Tuesday, April 17, 2012

Miss Weber's Goodbye

Natalie Weber, a girl I went to high school with, passed away Friday. I didn't know her very well but her family and mine knew each other pretty well. Her mother was once of my high school teachers and her brother accompanied me to Homecoming my sophomore year of high school. 

Natalie was a victim of Depression, which eventually lead her to committing suicide. It hurts me so much just to think about the reason for someone completing that act. To think that no one loves you that much. Or that not enough people care. The calling hours where supposed to be from 3-7 but my sister left at 10:15 and there was another half hour behind her. There was so much love and support there for her that she never knew. I was talking with her Father and it broke my heart when he said, 'I wish she could see this. All this support that was here for her.' Then he started to tear up and it broke my heart into a million pieces. I NEVER wanted another parent to feel like that EVER again and I never wanted anyone to feel like Natalie did. That there wasn't anything else they could do, that no one cared enough to listen to her. It makes me want to go into psychology and help people like Natalie so much that it's overwhelming. 
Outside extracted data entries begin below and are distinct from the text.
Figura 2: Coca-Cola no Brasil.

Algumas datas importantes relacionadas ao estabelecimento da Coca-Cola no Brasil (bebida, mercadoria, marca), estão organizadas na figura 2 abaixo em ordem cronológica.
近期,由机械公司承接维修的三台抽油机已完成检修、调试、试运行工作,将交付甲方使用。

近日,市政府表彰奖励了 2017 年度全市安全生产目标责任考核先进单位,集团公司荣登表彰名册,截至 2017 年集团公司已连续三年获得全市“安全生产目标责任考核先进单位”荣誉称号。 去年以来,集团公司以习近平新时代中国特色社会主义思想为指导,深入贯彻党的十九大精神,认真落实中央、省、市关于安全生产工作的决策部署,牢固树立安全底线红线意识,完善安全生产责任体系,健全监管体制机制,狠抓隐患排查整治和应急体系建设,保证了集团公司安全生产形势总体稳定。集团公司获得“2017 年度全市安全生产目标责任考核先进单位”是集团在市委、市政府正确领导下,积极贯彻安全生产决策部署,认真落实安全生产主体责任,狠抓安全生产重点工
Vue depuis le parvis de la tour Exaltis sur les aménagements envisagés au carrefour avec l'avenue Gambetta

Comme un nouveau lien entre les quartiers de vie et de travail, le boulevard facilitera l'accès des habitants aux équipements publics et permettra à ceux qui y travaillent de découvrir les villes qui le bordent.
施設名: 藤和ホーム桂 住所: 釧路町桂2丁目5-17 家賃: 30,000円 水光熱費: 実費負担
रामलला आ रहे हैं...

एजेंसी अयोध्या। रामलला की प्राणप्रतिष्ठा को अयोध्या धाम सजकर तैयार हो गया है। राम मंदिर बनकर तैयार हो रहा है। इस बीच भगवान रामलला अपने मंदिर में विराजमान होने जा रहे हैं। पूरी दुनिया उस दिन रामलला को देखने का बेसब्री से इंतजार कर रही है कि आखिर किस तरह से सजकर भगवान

Could I help people like Natalie? Could I have enough patience and control to be able to help someone without making them worse? Would I be able to handle it if I couldn't help one or two of them? Am I willing to take that risk?
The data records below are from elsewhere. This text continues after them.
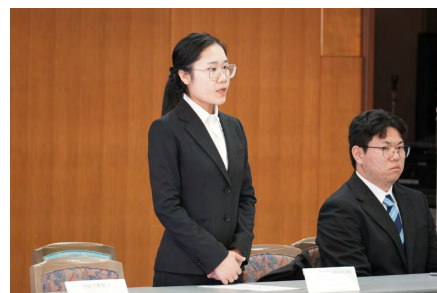
インターンシップ報告会の様子

た。本学では、こうした実社会とつながる学びの機会を提供し、学生の主体的なキャリア形成を支援している。
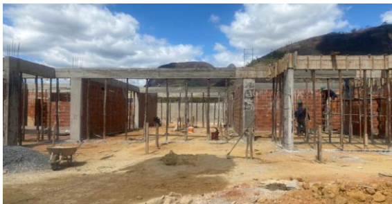
Foto 02 - Detalhes de paredes de alvenaria, e vigas e pilares após desforma.
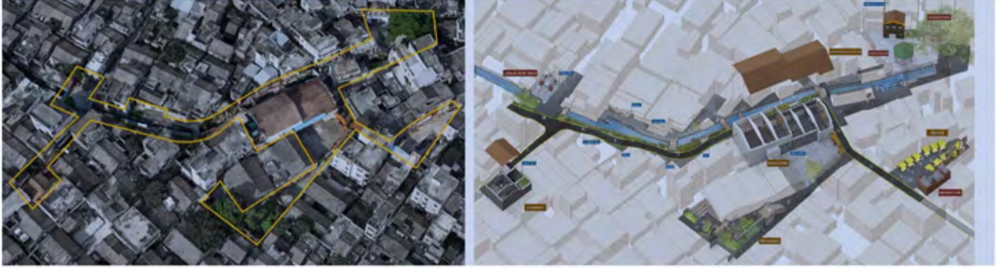
Şekil 9. Shajing Antik Fuarı'nın Yenilenmesi Mekânsal Kurgusunun Öncesi ve Sonrası- ARcity-2019

Projedeki tüm yenilemelerin içerisinde dahil olarak nehir boyunca mahallede bir akış yaratan; duvar resimleriyle, boyanmış yüzeylerle ve çevreye eklenen üç boyutlu sanatsal elemanlarla bir rota oluşturan 'Zamanın Kayması' sergisi müdahaleleri bütünlükten bir omurga niteliğindedir (Şekil 10). Mahalledeki yaşamsal akışı bir kent sergisi ile birleştiren bu yaklaşım yeni bir kentsel deneyim biçimi üretmektedir. Kentin yeni dönüşüm biçimini 'kentsel kürasyon' olarak nitelendiren tasarım ofisi, bu stratejinin
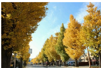
甲州街道イチョウ並木
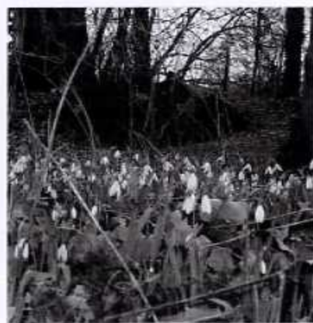
Sneeuwkllokjes op het domein

I just saw a quote that says, 'Everyone dies but not everyone lives.' At first, it makes sense when people say that, but if you think about it, honestly, can you say that's true? That's implying that people sit around and want to make their lives miserable - they do absolutely nothing for themselves and don't care to improve their life. Just because people aren't partying it up and living the way others think they should doesn't mean they aren't living their life the best they know how. It's self preservation to make oneself happy - is it not? Even people who are depressed and sitting in their houses all day. They are living to the extent that they know how. They haven't given up and doing only what they know how. They are living just as much as someone partying it up because that's all they can handle. Having a mental illness, like Depression, to me, is something that people have to learn to live with. They live their life the best they know how and can. It may not look like fun to you, and it probably isn't much to them either, but if that's all they can handle, then is it nice to say they aren't living? At that point in time it's the best they can give. I'm not saying they shouldn't get help, because they should, but saying they aren't living life to it's fullest, in their situation, it's not true. 

My sister commented on drinking a beer for Natalie because she thought Natalie would want her life celebrated and not have her death be dwelled on. If that was true though, would she have killed herself? If she wanted her life to be celebrated, would she have ended it? 

These have just been things running through my mind lately. Depression is a deep and complicated thing that isn't fully understood. I know I'll never understand it in it's entirty but it leads a lot of questions to the way people live their lives and why they do the things they do, which always fascinates me. 

RIP Natalie Weber - you are missed by many.